In diesem Sinne passt Atatürk hervorragend in die neue Weltordnung des urbanen Symbolismus. Nicht, weil er zu Wien gehört, sondern weil er eben nicht dazugehört. Seine Nennung wäre ein Bruch, ein bewusst gesetzter Akzent, ein semiotischer Stolperstein für alle, die immer noch glauben, Straßen seien bloß Infrastruktur.

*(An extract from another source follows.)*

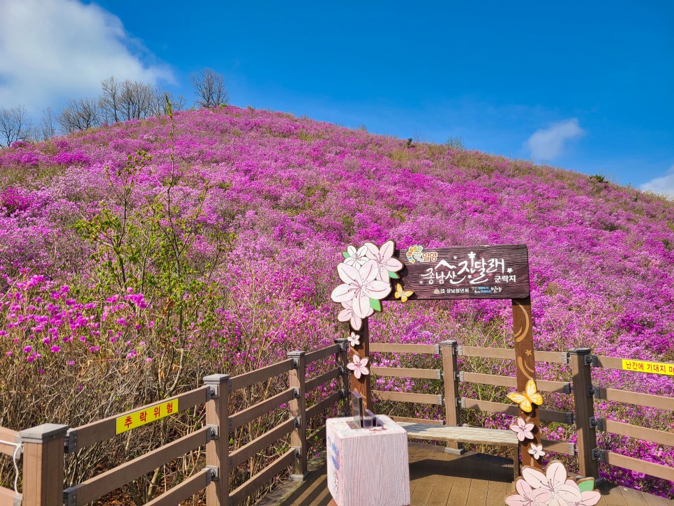 산행을 시작해 3시간 정도 땀 흘려 오르면 밀양 시가지와 낙동강 들녘이 한눈에 들어오는 능선에 올라선다. 여기서 조금 더 오르면 진달래 군락지인 정상부다. 봄이면 만발하는 어른 키가 훌쩍 넘는 진달래는 그야말로 장관을 이룬다. 산행을 하다 보면 임도와 만나는 곳이 많아 길 찾기가 쉽고 언제든지 하산할 수 있어 초보자들이 등산하기에도 좋은 곳이다. 우령산(중봉)으로 가는 길은 암릉 구간이 있어 주의가 필요하지만 암릉을 우회할 수 있다.

Postskriptum aus dem Archiv der Absurdität

Natürlich wird es nicht bei Atatürk bleiben. Hat man einmal damit begonnen, historische Figuren nach Beliebtheit zu sortieren, öffnen sich die Tore der Parodie. Warum nicht auch eine Erdoğan-Promenade, gleich gegenüber der Tibet-Allee? Oder ein Bin-Zayed-Boulevard in Favoriten, als Geste geopolitischer Diplomatie? Vielleicht eine Greta-Thunberg-Sackgasse mit Fahrradständern aus recyceltem Aktivismus? Die Möglichkeiten sind endlos – solange die Ironie noch billig und die Öffentlichkeit kurzatmig ist.

TIP:  Lösch Dich

Fazit: Der öffentliche Raum als moralische Projektionsfläche

Es geht nicht um Atatürk. Es geht nie um Atatürk. Es geht um uns. Um das gute Gefühl, auf der richtigen Seite der Geschichte zu stehen, auch wenn man sie gar nicht gelesen hat. Um den moralischen Mehrwert einer symbolischen Geste, die keine Konsequenzen kennt. Um die wohldosierte Erregung über Themen, die niemandem wehtun – außer vielleicht dem historischen Bewusstsein.

Die Straße mag neu benannt werden. Die Ironie bleibt.